It is worth mentioning that, although we assume the modulator is operated in the linear region of its transfer function in this work, it is possible to extend the concept of the SP-OMA to nonlinear system identification. See [30] for more details.

3. Numerical results

As it is generally difficult to guarantee the global convergence of a hybrid iterative algorithm for nonlinear programming analytically, we investigate the correctness and convergence property of the DP-SP-OMA with Algorithm 1 numerically.

In the simulation, the DP-SP-OMA input signal is generated based on the complex baseband equivalents of (1)–(4). Two independent 16QAM signal streams $\{\boldsymbol {x}_n\}$ and $\{\boldsymbol {y}_n\}$ are generated, and each of them is distorted by a different WL filter $\boldsymbol {h}$ or $\boldsymbol {g}$. On the X-polarization channel, the WL filter $\boldsymbol {h} = [\boldsymbol {h}^{\rm T}_+, \boldsymbol {h}^{\rm T}_- ]^{\rm T}$ is randomly generated based on (2):

$$\boldsymbol{h}_{{\pm}} = \frac{1}{2} \left\{ \boldsymbol{h}_I\pm (1+\epsilon_{X})\cdot e^{j\theta_{X}}\cdot \boldsymbol{h}_Q \right\} ,$$
where $\boldsymbol {h}_{I/Q}\sim$ $\mathcal {N}_c(\boldsymbol {l}_{0},$ $0.005\boldsymbol {I}_{L\times L})$, $\epsilon _{X}\sim \mathcal {N}(0,(\frac {1}{25})^2)$, and $\theta _{X}\sim \mathcal {N}(0,(\frac {2\pi }{25})^2)$. $\mathcal {N}_c(\cdot )$ and $\mathcal {N}(\cdot )$ denote the complex- and real-valued Gaussian distributions, respectively. The mean vector
$$[\boldsymbol{l}_{0}]_n = \begin{cases} 1 & n = \lceil L/2 \rceil \\ 0 & {\rm otherwise} \end{cases}\quad (n = 1, \ldots, L),$$
represents an ideal pulse shaping filter, and $\boldsymbol {I}_{M\times M}$ denotes an $M\times M$ identity matrix.

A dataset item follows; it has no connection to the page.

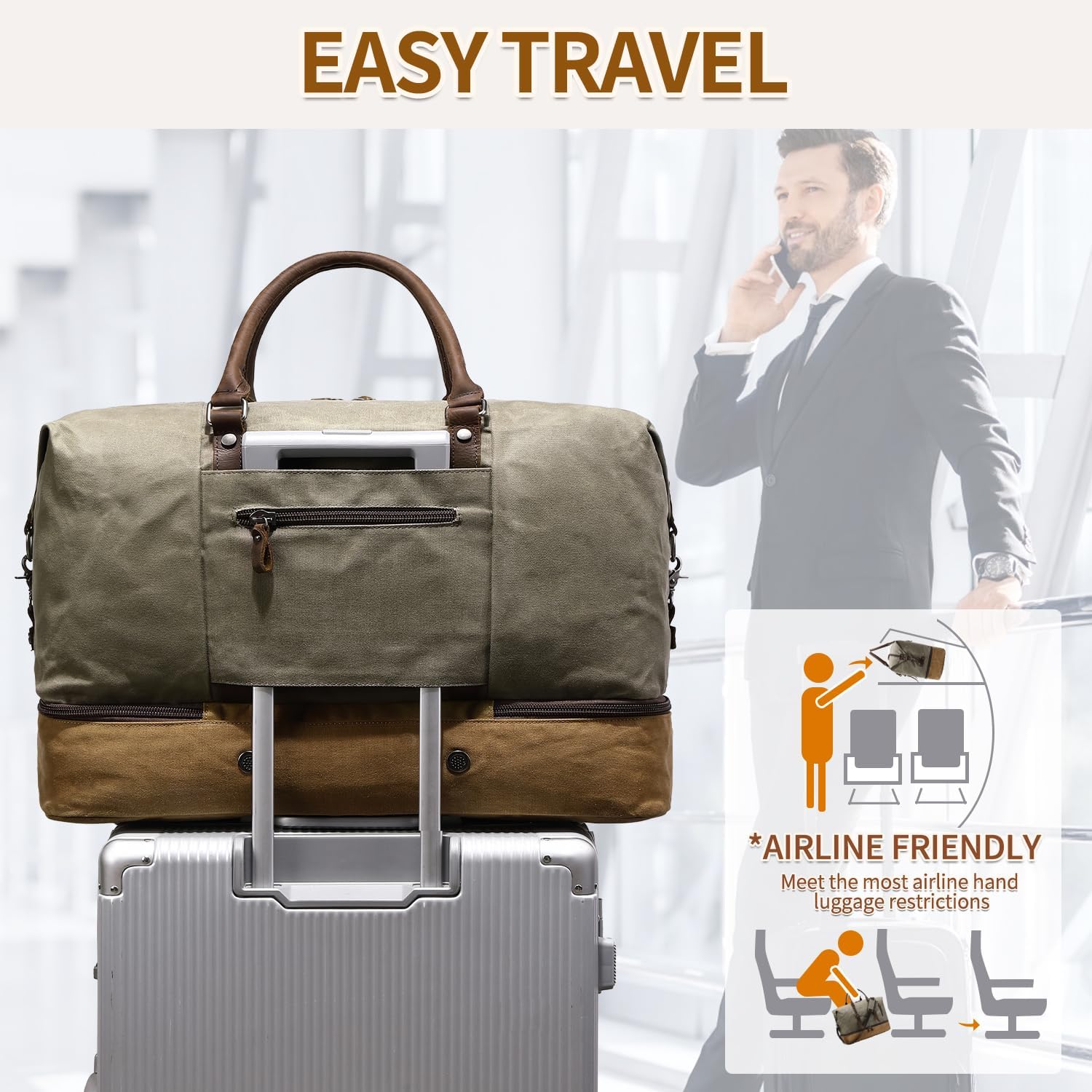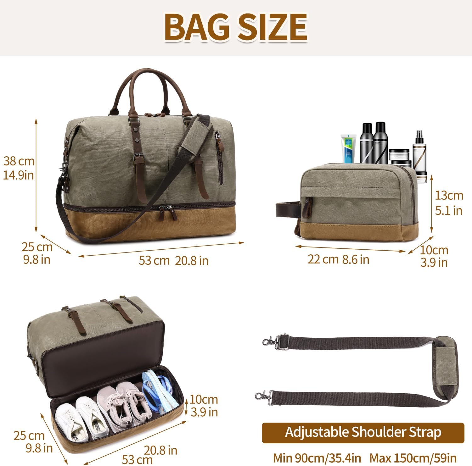 Weekender Bag Large Overnight Bag for Men Women Tote with Shoe Compartment Canvas Carry on Luggage Bag Travel Duffel Bag Green

The WL filter on the Y-polarization channel, i.e., $\boldsymbol {g}$, is randomly generated in the same manner as $\boldsymbol {h}$.

The distorted 16QAM streams are polarization-multiplexed as in (3), where the polarization angle $\theta$ is uniformly distributed over $[0, 2\pi )$. The polarization-multiplexed signal is transmitted over a complex-valued additive white Gaussian noise channel and detected by an ideal square-low detector as in (4). The DP-SP-OMA estimates the WL filter responses $\boldsymbol {h}$ and $\boldsymbol {g}$ from the detector output, thus a phase-less measurement, via Algorithm 1 with $\rho = 0.3$ and $\boldsymbol {h}_0=\boldsymbol {g}_0=[\boldsymbol {l}^{\rm T}_0, 0, \ldots, 0]^{\rm {T}}$.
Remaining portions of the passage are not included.